Out of interest are you aware of the current installations of Virtuoso running in Bayer Cropscience/Bayer Business Services in Germany?

Regards
Sonja

Steve’s enquiry

Hi… I am the architect on a project at Bayer to select a strategic, enterprise-wide Data Virtualization engine. I was asked to contact OpenLink SW as a potential candidate for this requirement. Please contact me to discuss an overview discussion and possible demo. Thanks

Hi Steve,

Great to hear you are considering Virtuoso for your project.

As you may already know, Virtuoso is a powerful platform for conceptual data virtualization that manifests as a secure, high-performance, and scalable Semantic Web of Linked Data.

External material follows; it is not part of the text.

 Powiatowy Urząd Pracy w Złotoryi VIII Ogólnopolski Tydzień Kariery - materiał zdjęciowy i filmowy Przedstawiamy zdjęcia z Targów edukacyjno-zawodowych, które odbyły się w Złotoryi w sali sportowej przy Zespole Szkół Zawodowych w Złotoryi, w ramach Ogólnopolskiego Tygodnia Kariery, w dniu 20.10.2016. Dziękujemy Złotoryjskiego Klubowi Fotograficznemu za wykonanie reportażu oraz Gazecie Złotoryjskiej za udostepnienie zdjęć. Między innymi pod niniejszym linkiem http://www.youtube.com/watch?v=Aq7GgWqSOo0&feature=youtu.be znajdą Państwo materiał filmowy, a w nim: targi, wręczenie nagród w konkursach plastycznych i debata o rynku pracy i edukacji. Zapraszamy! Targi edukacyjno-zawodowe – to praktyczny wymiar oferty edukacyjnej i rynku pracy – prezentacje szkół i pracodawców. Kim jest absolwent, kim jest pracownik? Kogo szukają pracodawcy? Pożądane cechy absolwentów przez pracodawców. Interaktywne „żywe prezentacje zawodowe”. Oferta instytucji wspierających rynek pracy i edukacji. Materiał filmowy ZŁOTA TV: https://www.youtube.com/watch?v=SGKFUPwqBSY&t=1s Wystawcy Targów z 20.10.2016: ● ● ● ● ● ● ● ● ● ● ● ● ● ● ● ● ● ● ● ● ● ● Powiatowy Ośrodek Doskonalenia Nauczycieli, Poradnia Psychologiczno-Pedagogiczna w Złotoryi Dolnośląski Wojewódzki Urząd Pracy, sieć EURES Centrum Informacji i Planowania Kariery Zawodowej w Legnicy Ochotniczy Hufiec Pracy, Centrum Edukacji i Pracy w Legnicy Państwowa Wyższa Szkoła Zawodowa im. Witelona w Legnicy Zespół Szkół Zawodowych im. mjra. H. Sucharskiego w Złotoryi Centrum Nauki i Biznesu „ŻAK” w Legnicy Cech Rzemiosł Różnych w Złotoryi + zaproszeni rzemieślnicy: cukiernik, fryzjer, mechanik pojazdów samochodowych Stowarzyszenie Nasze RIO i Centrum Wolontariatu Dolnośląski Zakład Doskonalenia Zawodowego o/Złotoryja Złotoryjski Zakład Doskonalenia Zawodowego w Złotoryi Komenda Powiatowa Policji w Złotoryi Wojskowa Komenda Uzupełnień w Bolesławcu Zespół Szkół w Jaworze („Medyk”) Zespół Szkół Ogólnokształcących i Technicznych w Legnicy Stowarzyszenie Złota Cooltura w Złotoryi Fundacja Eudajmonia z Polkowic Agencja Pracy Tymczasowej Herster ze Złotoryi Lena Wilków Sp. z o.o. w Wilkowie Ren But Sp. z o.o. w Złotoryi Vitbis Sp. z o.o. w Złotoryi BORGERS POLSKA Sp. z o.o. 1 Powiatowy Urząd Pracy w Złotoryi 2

I would certainly like to arrange a session to discuss your needs in more detail, so please let me know what dates and times work for you.

BTW – Virtuoso is in use across various projects within Bayer Cropscience/Bayer Business Services in Germany :slight_smile:

Regards
Sonja

1 Like

@kidehen @hwilliams

I received feedback from Steve re: availability he also provided this for us to digest and review:

Data Federation and Proofing Presentation

Sonja,
I can do a call/meeting next week Tuesday or Wednesday anywhere between
1:00 and 4:00 in the afternoon. Let me know what works for you or just
send me an invite. Thanks for your responsiveness. I am certainly
interested in knowing about use of Virtuoso within Bayer. Any use of
Virtuoso at Monsanto ??? Also of interest.

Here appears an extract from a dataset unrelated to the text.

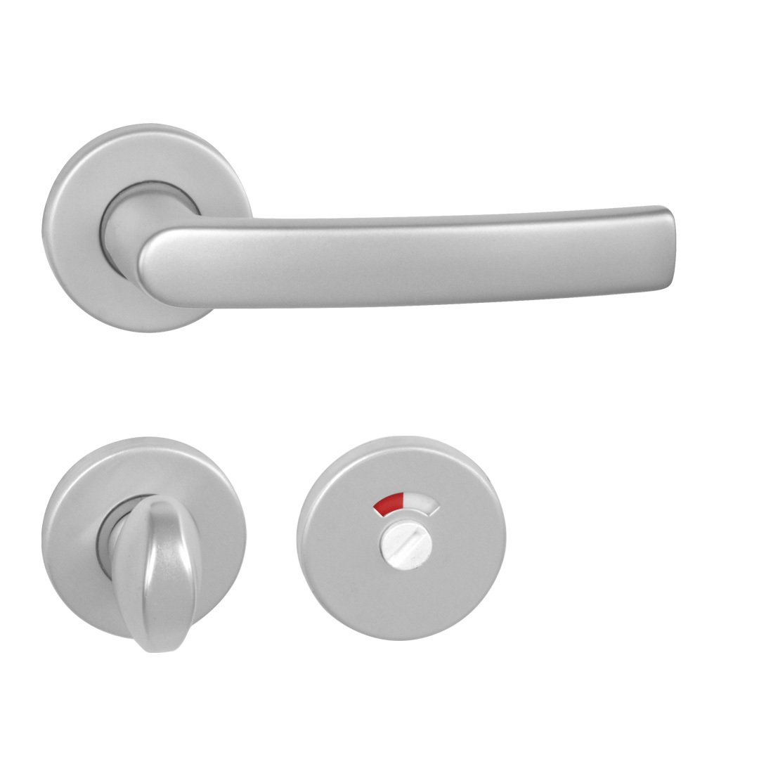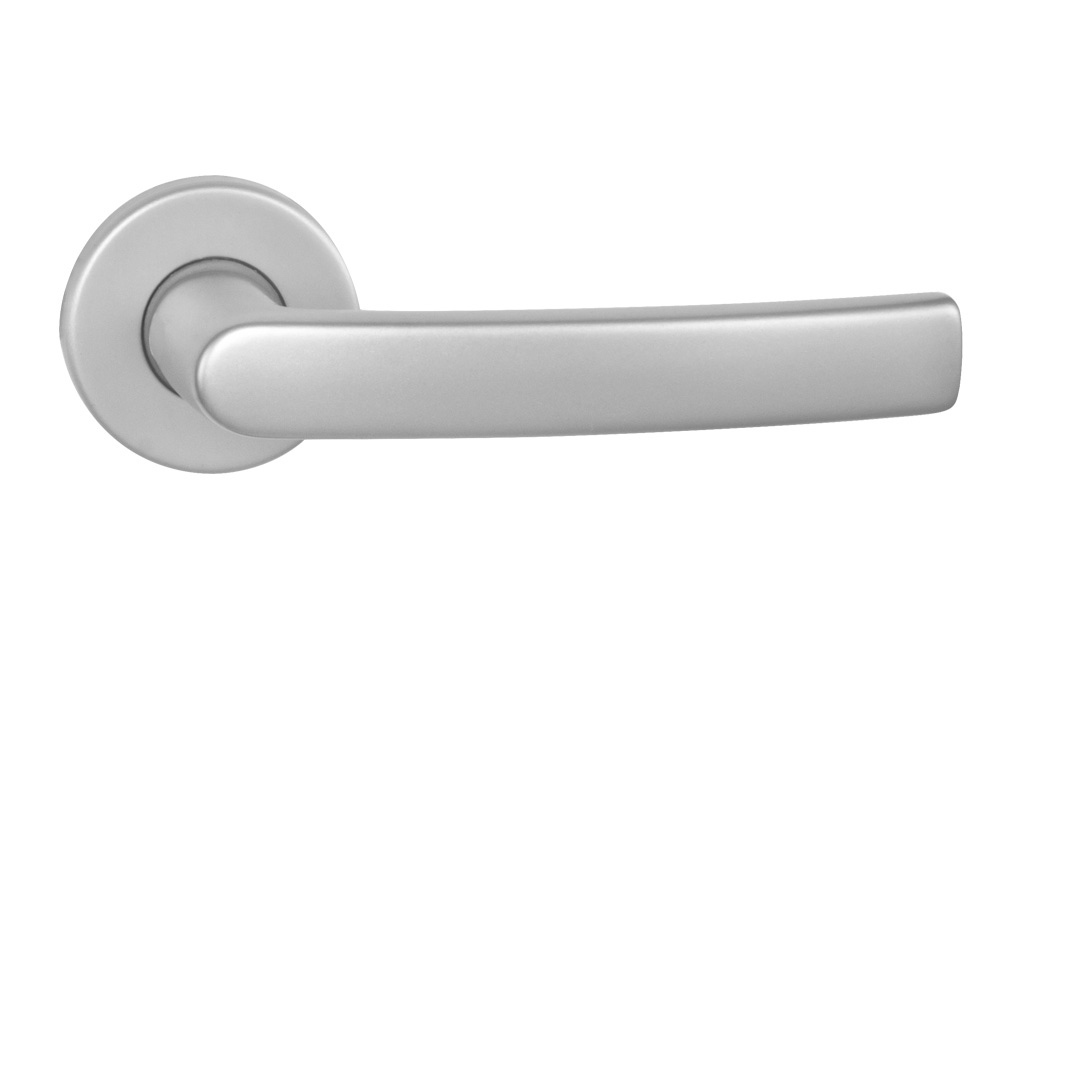 Rozetová klika na interiérové dveře s kulatou rozetou je vyrobena z hliníku a je povrchově upravena. Rozeta má průměr 50 mm a tloušťku 7 mm. Klika neobsahuje vratný mechanismus kliky – pružinu a mechanika kliky je uložena v plastovém pouzdře.

I responded re: setting agenda for meeting and also asked about attendees from Bayer’s side which is when Steven provided the Data Federation and Proofing Presentation slides

Agenda outline:

  1. Introduction/Overview from Bayers detailing strategic plans/requirements to introduce Virtuoso enterprise-wide.

    Comment from Steve:

    Attached my “Approach” document that explains the objective and general technical requirements . I have the strategy in mind, but not documented, and it just changed yesterday, so we can discuss this on the call

  2. Introduce OpenLink and Virtuoso

    Comment from Steve

    I’m just wrapping up the second phase of the project: (five) vendor solution overviews/customized demos. I get anywhere from six to sixteen participants, depending on the level of interest and availability; we are moving into vacation time, so I can’t predict. Typically, we get architects, project managers, business people, project team members, etc.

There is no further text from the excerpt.